History

Nazi Germany
- Name: U-3524
- Ordered: 6 November 1943
- Builder: Schichau-Werke, Danzig
- Yard number: 1669
- Laid down: 8 October 1944
- Launched: 14 December 1944
- Commissioned: 26 January 1945
- Fate: Scuttled on 5 May 1945

General characteristics
- Class & type: Type XXI submarine
- Displacement: 1,621 t (1,595 long tons) surfaced; 2,100 t (2,067 long tons) submerged;
- Length: 76.70 m (251 ft 8 in) (o/a)
- Beam: 8 m (26 ft 3 in)
- Height: 11.30 m (37 ft 1 in)
- Draught: 6.32 m (20 ft 9 in)
- Propulsion: Diesel/Electric; 2 × MAN M6V40/46KBB supercharged 6-cylinder diesel engines, 4,000 PS (2,900 kW; 3,900 shp); 2 × SSW GU365/30 double-acting electric motors, 5,000 PS (3,700 kW; 4,900 shp); 2 × SSW GV232/28 silent running electric motors, 226 PS (166 kW; 223 shp);
- Speed: Surfaced:; 15.6 knots (28.9 km/h; 18.0 mph) (diesel); 17.9 knots (33.2 km/h; 20.6 mph) (electric); Submerged:; 17.2 knots (31.9 km/h; 19.8 mph) (electric); 6.1 knots (11.3 km/h; 7.0 mph) (silent running motors);
- Range: 15,500 nmi (28,700 km; 17,800 mi) at 10 knots (19 km/h; 12 mph) surfaced; 340 nmi (630 km; 390 mi) at 5 knots (9.3 km/h; 5.8 mph) submerged;
- Test depth: 240 m (790 ft)
- Complement: 5 officers, 52 enlisted
- Sensors & processing systems: Type F432 D2 Radar Transmitter; FuMB Ant 3 Bali Radar Detector;
- Armament: 6 × bow torpedo tubes; 23 × 53.3 cm (21 in) torpedoes; or 17 × torpedoes and 12 × mines; 4 × 2 cm (0.79 in) C/30 AA guns;

Service record
- Part of: 5th U-boat Flotilla; 26 January – 5 May 1945;
- Identification codes: M 52 272
- Commanders: K.Kapt. Hans-Ludwig Witt; 26 January – 5 May 1945;
- Operations: None
- Victories: None

= German submarine U-3524 =

German World War II submarine

German submarine U-3524 was a Type XXI U-boat of Nazi Germany's Kriegsmarine during World War II. The Elektroboote submarine was laid down on 8 October 1944 at the Schichau-Werke yard at Danzig, launched on 14 December 1944, and commissioned on 26 January 1945 under the command of Korvettenkapitän Hans-Ludwig Witt.

U-3524 was a brand new, high technology electric boat which could run constantly submerged rather than having to surface to recharge her batteries every day the way submarines until that point had had to do. However, these advanced vessels were introduced to the Kriegsmarine only late in 1944, much too late to influence the Battle of the Atlantic, and too late for many of them to serve in an offensive capacity at all.

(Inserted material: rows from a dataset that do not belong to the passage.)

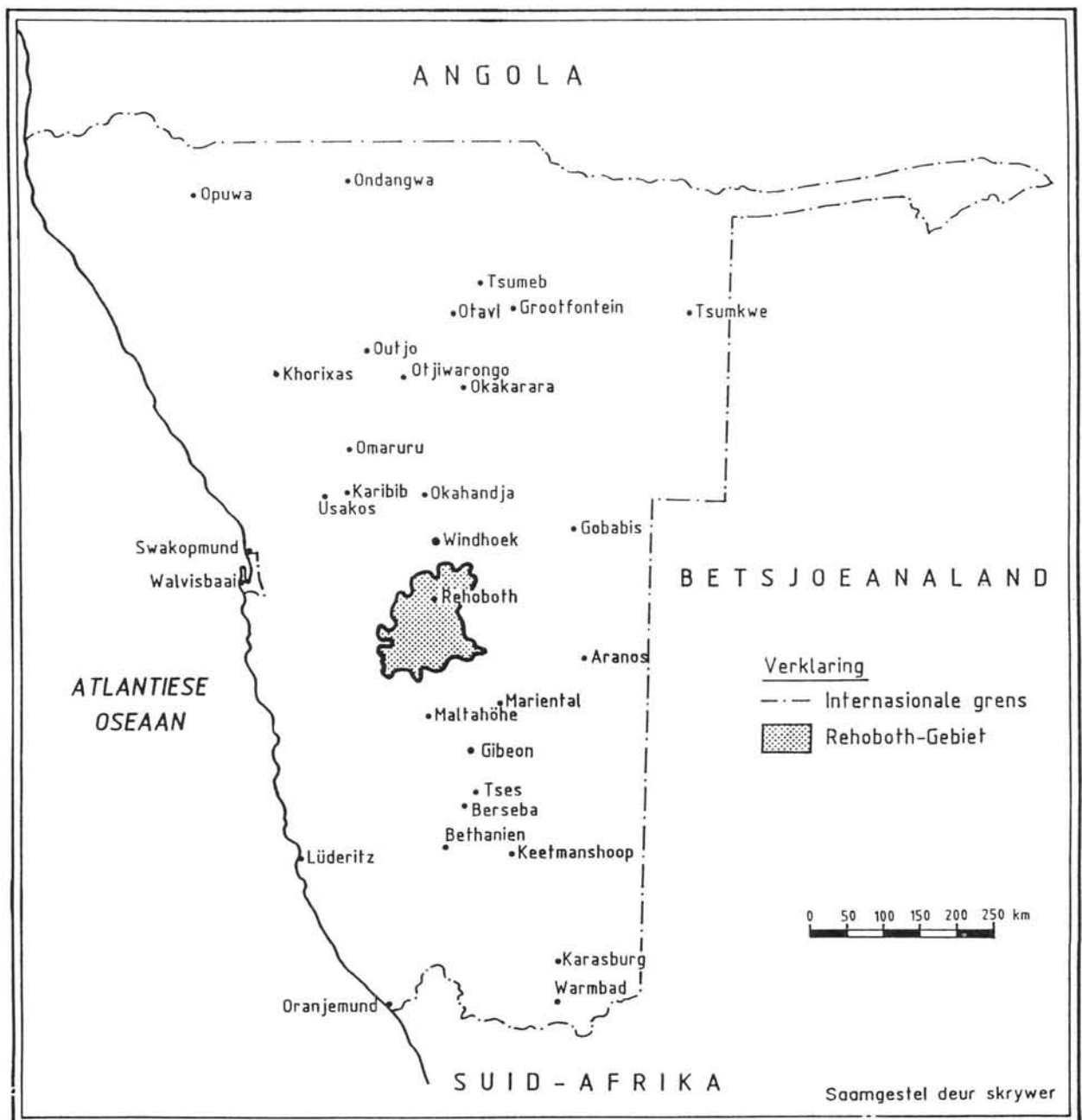
Ligging van die Rehoboth-Gebied in Suidwes-Afrika (Namibië)

soek om tydelik die bestuur van die Rehoboth-Gebied oor te neem. 9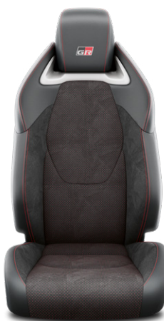
Szintetikus bőr és szövet kombinált GR Sport ülésborítás, piros varrással Alapfelszereltség a GR Sport felszereltségnél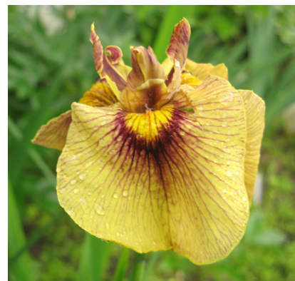
Figure 4. Hybrid 1.5.16

В результате изучения и анализа полученных гибридов для дальнейшей работы были отобраны всего 6 гибридов. Они имели по 1–2 цветоносу с 2–3 цветками на каждом. Период цветения в зависимости от года наблюдений находился в пределах 2 декады июля.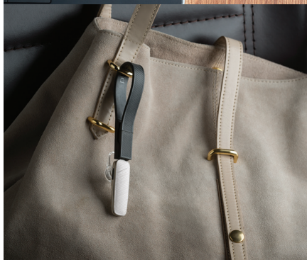
Многофункциональный кабель USB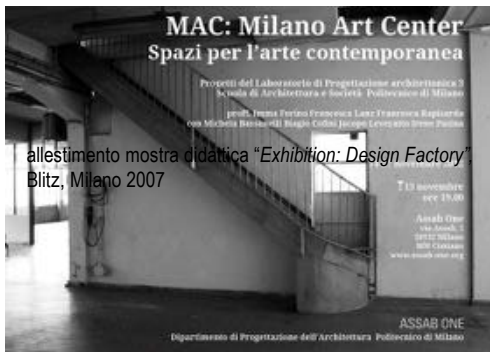
allestimento mostra didattica "Exhibition: Design Factory", Blitz, Milano 2007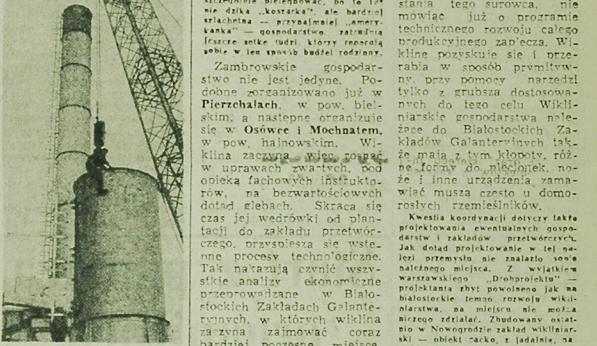
W Kółkach na Kł... W Kółkach na Kł...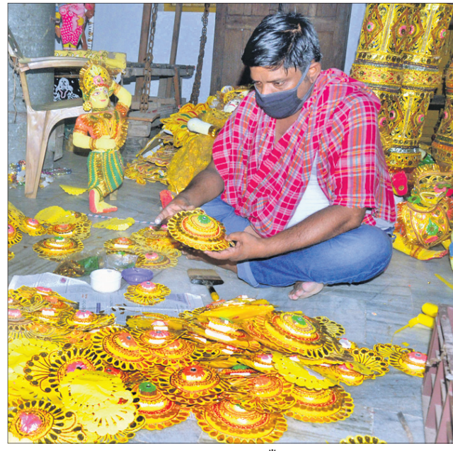
ପୁରୀ ଜଗନ୍ନାଥ ବଜାର ମଠରେ ଝୁଲଣ ବୋଳି ପାଇଁ ଯୋଗବାର ଜଣେ ଶିଳ୍ପୀ ସୋଲ ଓ ଜରିରେ ଫୁଲ ତିଆରି କରୁଛନ୍ତି।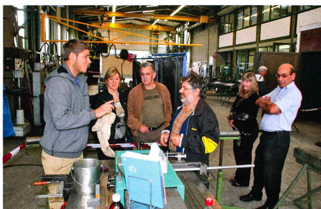
Müller Metallbau AG: des visiteurs captivés par les explications.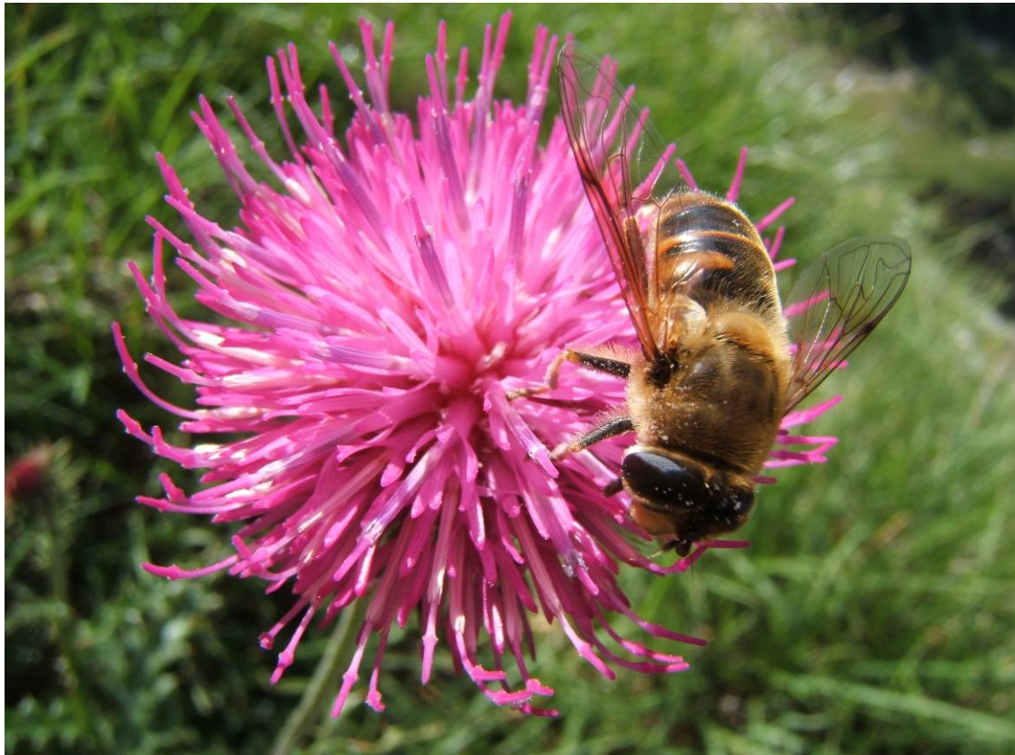
Vista la scarsa frequentazione e la buona conservazione dell'ambiente...

With the end of the war near, training on U-boats had dropped to a minimum due to lack of fuel, falling morale and the effectiveness of allied attacks on U-boat construction and preparation. The exception to this were the new Type XXI boats, which continued to train in the Baltic Sea.

==Design==
Like all Type XXI U-boats, U-3524 had a displacement of 1621 t when at the surface and 1819 t while submerged. She had a total length of 76.70 m, a beam of 8 m, and a draught of 6.32 m. The submarine was powered by two MAN SE supercharged six-cylinder M6V40/46KBB diesel engines each providing 4000 PS, two Siemens-Schuckert GU365/30 double-acting electric motors each providing 5000 PS, and two Siemens-Schuckert silent running GV232/28 electric motors each providing 226 PS.

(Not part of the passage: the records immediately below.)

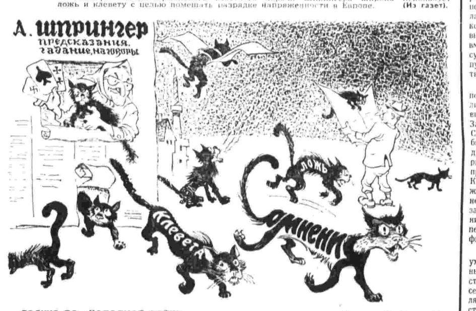
Тоскуя по «ХОЛОДНОЙ ВОЙНЕ»...

В связи с назревающей угрозой военного переворота трудящиеся страны намерены принять участие в забастовке. Кризисные профсоюзные объединения страны — Национальный комитет трудящихся Уругвая (НКТ) официально объявил, что рабочие и служащие забьют промышленные предприятия и выйдут на улицы, если антиправительственные акции не будут прекращены.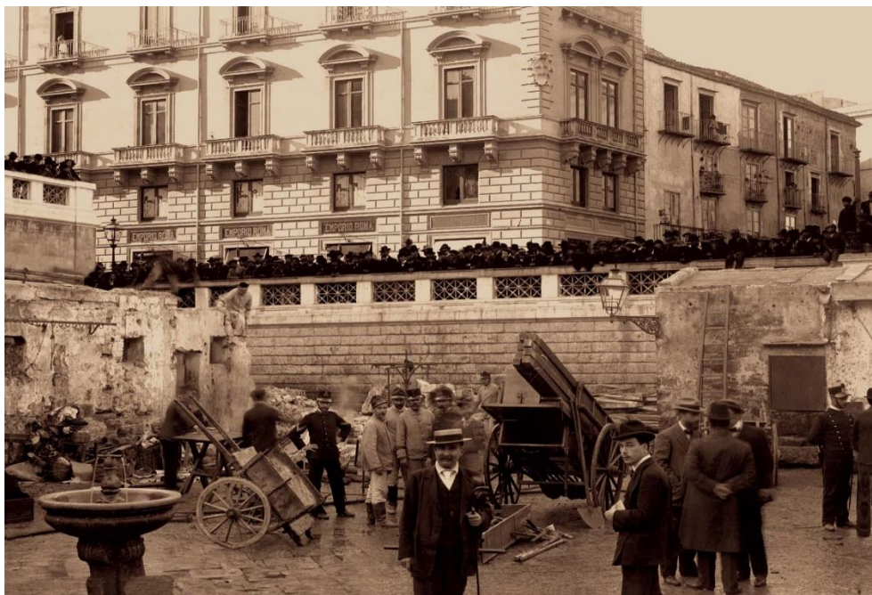
Figura 2 – La Vucciria (il cui significato è confusione), storico mercato di Palermo.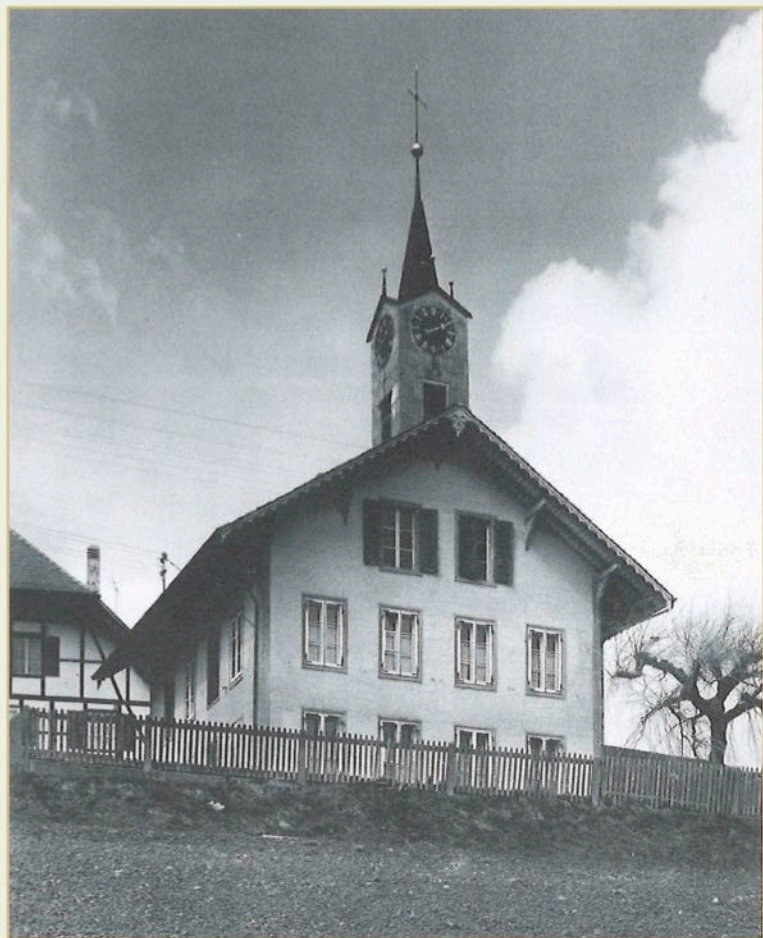
Türmischulhaus von 1873; abgebrochen 1960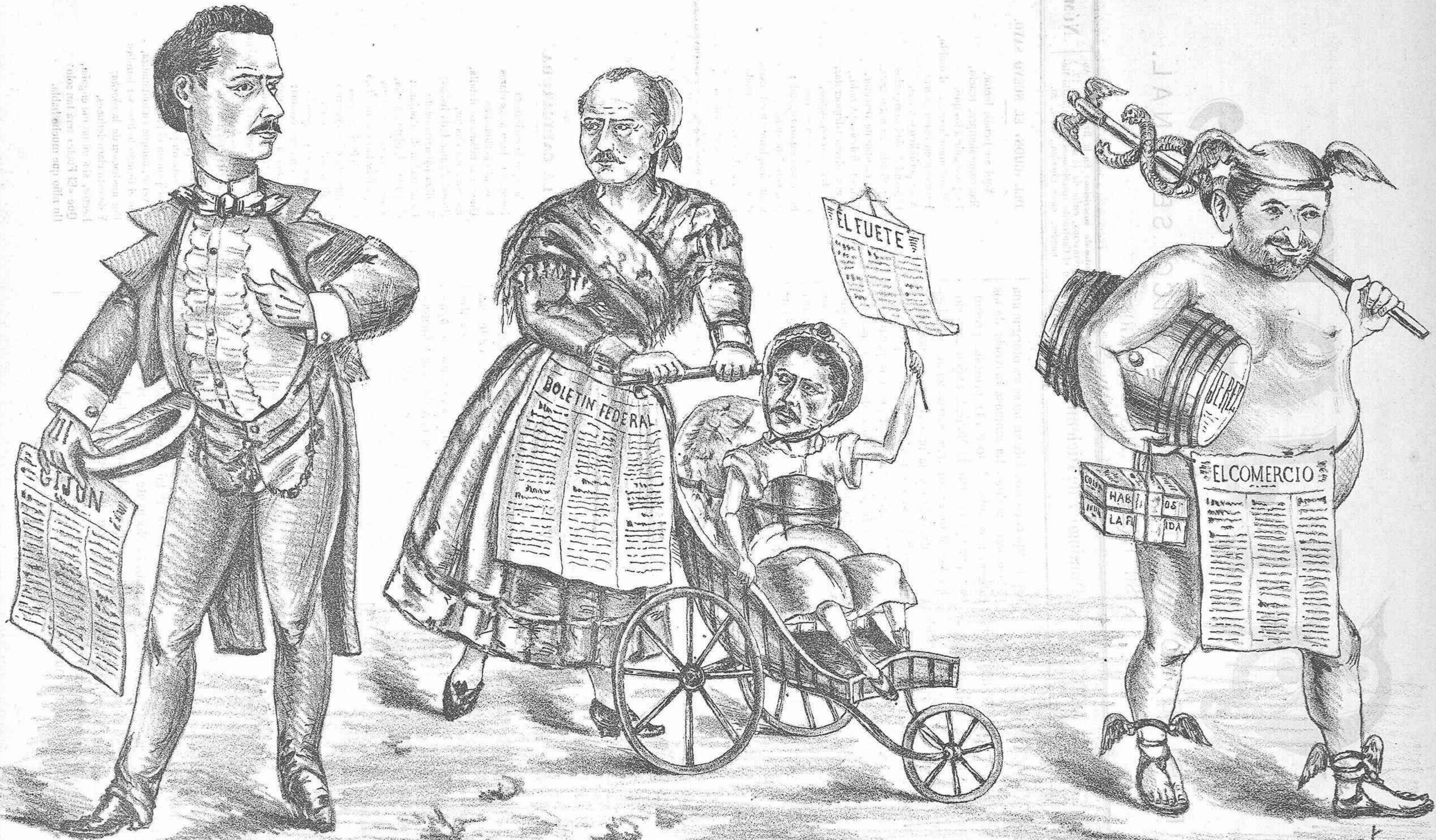
ESTADO ACTUAL DEL PERIODISMO EN GIJON.

The submarine had a maximum surface speed of 15.6 kn and a submerged speed of 17.2 kn. When running on silent motors the boat could operate at a speed of 6.1 kn. When submerged, the boat could operate at 5 kn for 340 nmi; when surfaced, she could travel 15500 nmi at 10 kn. U-3524 was fitted with six 53.3 cm torpedo tubes in the bow and four 2 cm C/30 anti-aircraft guns. She could carry twenty-three torpedoes or seventeen torpedoes and twelve mines. The complement was five officers and fifty-two men.

==Fate==
U-3524 was scuttled by her crew on 5 May 1945 in Gelting Bay.